An article on the BBC news website tells me that FTSE 100 company director's pay increased by 50% over the past year. CEO's pay increased by 43%. Congratulations to them.
Base salaries for UK employees rose by 3.2%. Hard luck.
UK Inflation is at 5.2%. Unemployment for 16 to 24-year-olds is at 21.3%.
The Church Times this week tells how the Vatican is speaking out against the "idoloatry of the market". It's heating up, too, in the Church of England, where Canon Giles Fraser has resigned from his post as the Chancellor of St Paul's Cathedral in London, presumably to stand up for the protestors over and above the worldly concerns of health and safety and income from tourists. Something tells me Jesus would do the same.
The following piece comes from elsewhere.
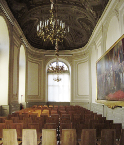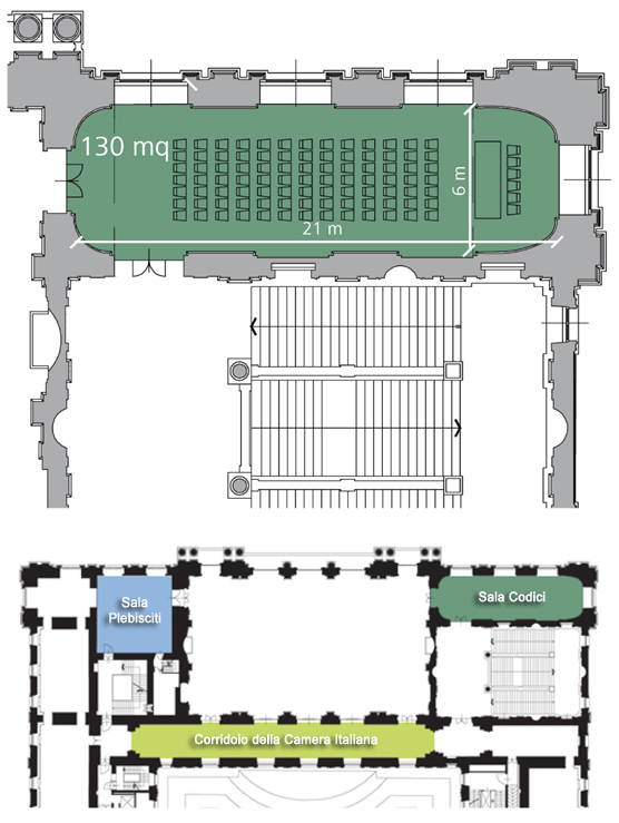La Sala Codici – 130 mq – con volta affrescata del Gonin e il dipinto di G.B. Biscarra, Promulgazione del Codice Civile (20 giugno 1837), si affaccia su piazza Carlo Alberto con vista sulla Mole antonelliana.

It's very sad that the 'Occupy Wall Street' and 'Occupy London' protests will most likely have no effect on these economic injustices. I have no answers. I just know this is not right.
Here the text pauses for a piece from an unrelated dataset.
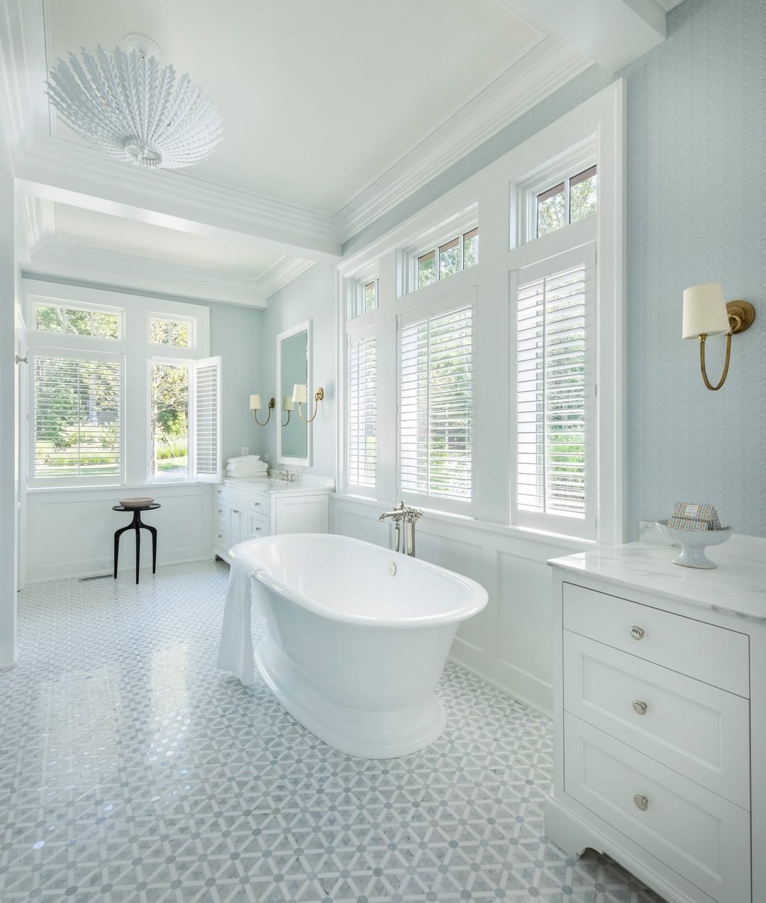 This space is basically sunshine in bathroom form. The pale blue tones, tons of windows, and that freestanding tub create a light, open feel that’s hard to beat.

Christina Weller, economist at CAFOD, says "G20 leaders have not thrown out the old failed orthodoxy of minimal government intervention in markets, and have not embraced their responsibility to re-orient economies to broader objectives of social and envirnomental well-being. As a result, they have not carried out the reforms needed to tackle the deficiencies of global markets... [and] will continue to deal with crisis after crisis, and the lessons of the global downturn will be lost."